If you think you’ll be able to maximize the quarterly bonus categories of the Chase Freedom Flex, that extra 5% cash back each quarter may very well outweigh the lower 1% you’ll get on everything else outside of the bonus categories. But remember, you’ll need to keep track of what those categories are each quarter, along with knowing how much you’ve spent in them.
On the other hand, if you don’t want to have to worry about all that, you’ll find that the Chase Freedom Unlimited offers a simple and easy way to earn credit card rewards. And while both Visa and Mastercard are widely accepted in the United States, there are a few exceptions. For example, only Visas are accepted at Costco, so the Chase Freedom Unlimited card will be a better option if you’re a frequent Costco shopper.

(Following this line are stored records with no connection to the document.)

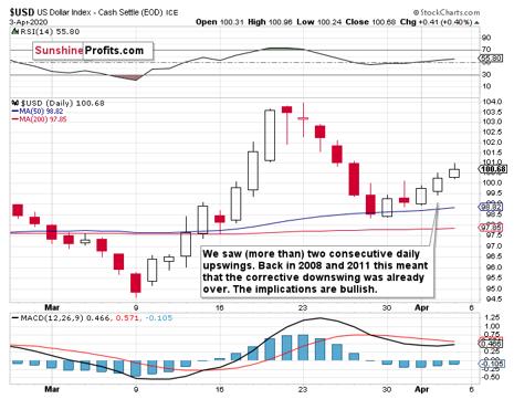And as we wrote in many previous extensive analyses, big moves higher in the USD Index almost always translate into big declines in gold. Consequently, given a high-quality prediction for the USD Index, one is quite likely to make a good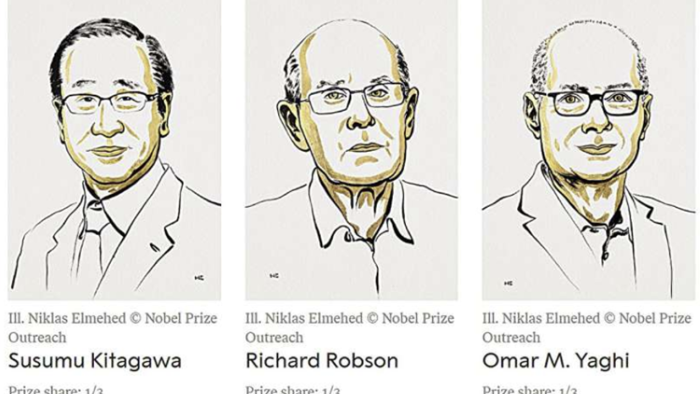 İsveç Elmlər Akademiyası kimya üzrə Nobel mükafatını Susumu Kitagava (Kyoto Universiteti, Yaponiya), Riçard Robson (Melburn Universiteti, Avstraliya) və Omar Yaği (Berklidəki Kaliforniya Universiteti, ABŞ) arasında bölüşdürüb.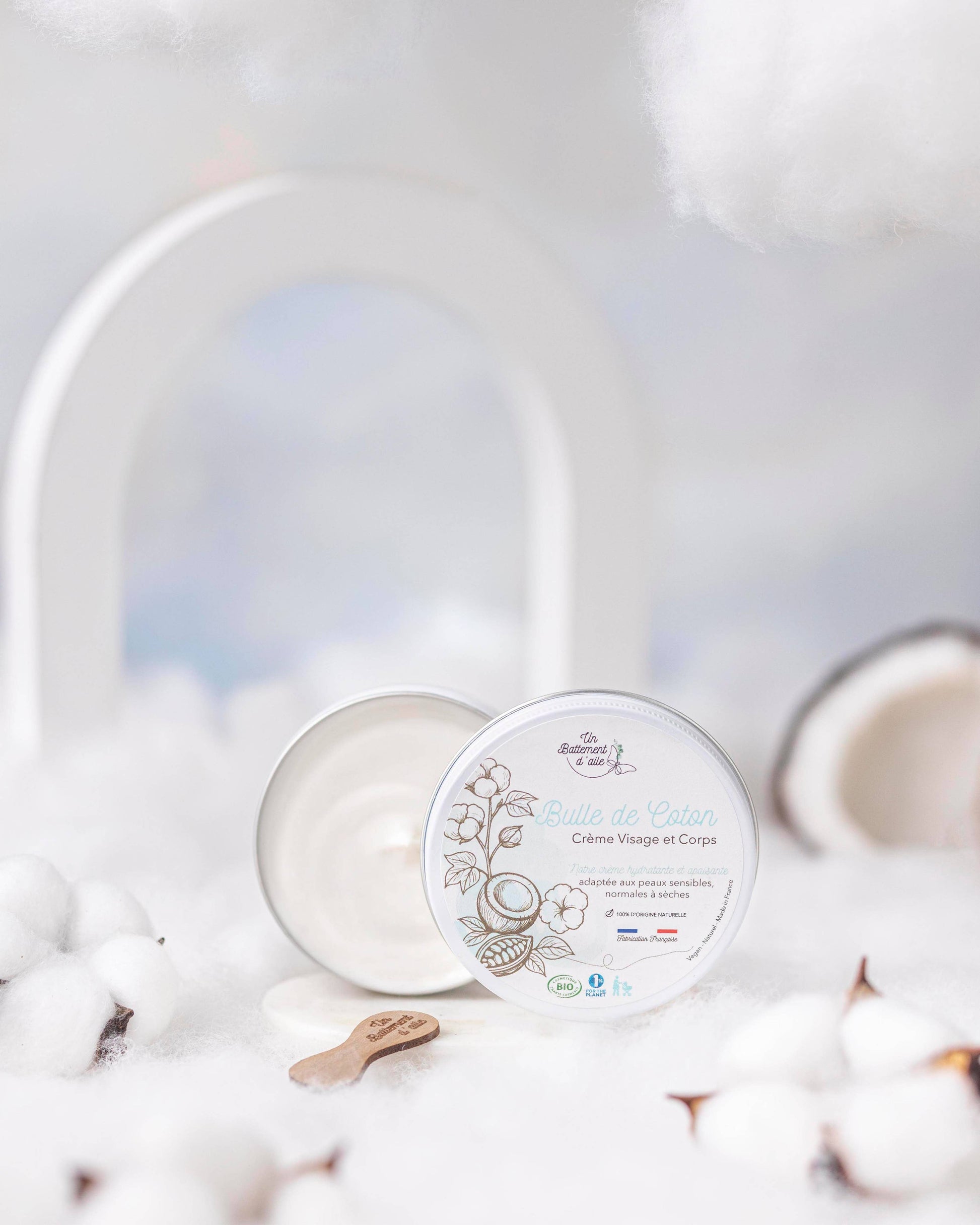 Fidèle aux valeurs d’Un Battement d’aile, Bulle de Coton est conditionnée dans un pot en aluminium recyclé et recyclable, léger et réutilisable. Fabriquée en France, elle soutient une démarche locale et minimise l’impact carbone de sa production.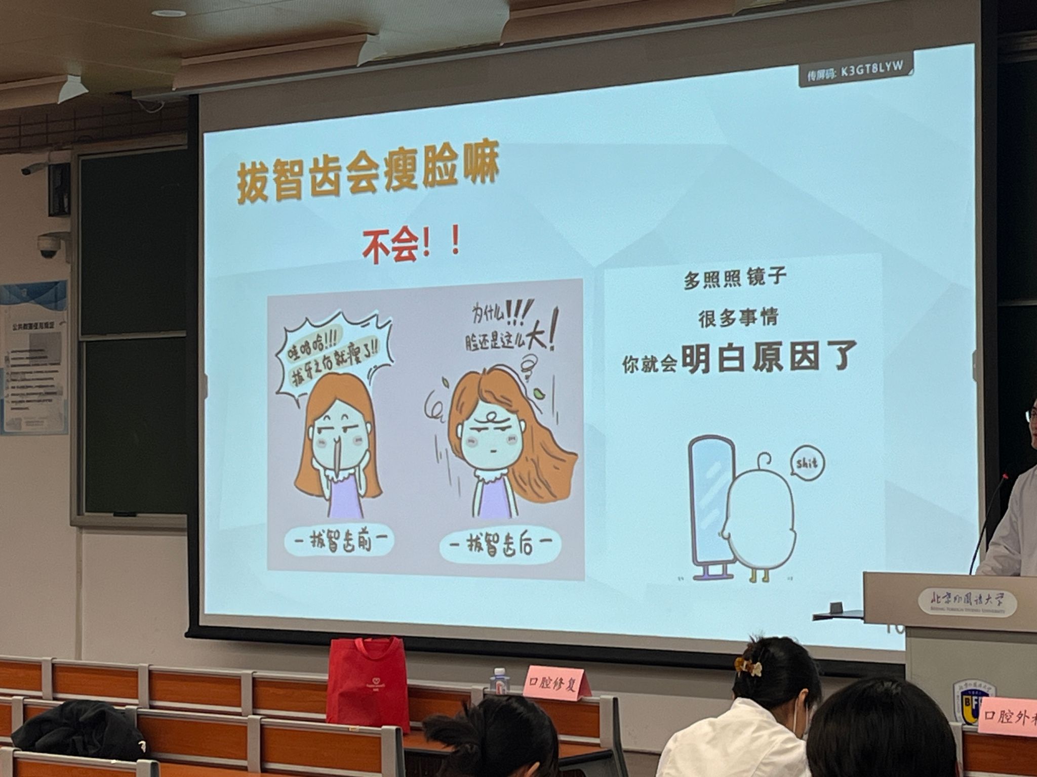 首先Beat365唯一官方网站本科生党支部对北大医学院同学的到来表示热烈欢迎。接下来北大医学院同学分别从口腔清洁与护理、牙齿健康美白、口腔正畸、智齿及口腔内科知识等五个方面进行科普讲座。

That being said, the Chase Freedom Flex offers significantly more benefits than the Chase Freedom Unlimited. If you want a card with cell phone protection, the Chase Freedom Flex is clearly the winner. It will give you peace of mind and potentially save you money down the road — an extremely valuable benefit that is rare on a no-annual-fee card.
But if you’re having a hard time deciding between the two cards, you can also get both. There are no restrictions limiting you to having just one of the two, and having both can give you the best of both worlds. For instance, you might find you want to use the Chase Freedom Flex in the rotating bonus categories as well as for its cell phone protection, and then switch to the Chase Freedom Unlimited to earn 1.5% cash back on any purchases that don’t fall into the bonus categories.
Just keep in mind that both of these cards fall under what is colloquially known as Chase’s “5/24” rule, which means if you’ve been approved for five or more credit cards across all banks in the last 24 months, your applications for new credit cards from Chase will be automatically denied.
But that won’t apply to most people who only get a credit card or two every few years, so if you’re considering whether a new credit card makes sense, think about whether the Chase Freedom Flex or the Chase Freedom Unlimited — or both — fit the bill.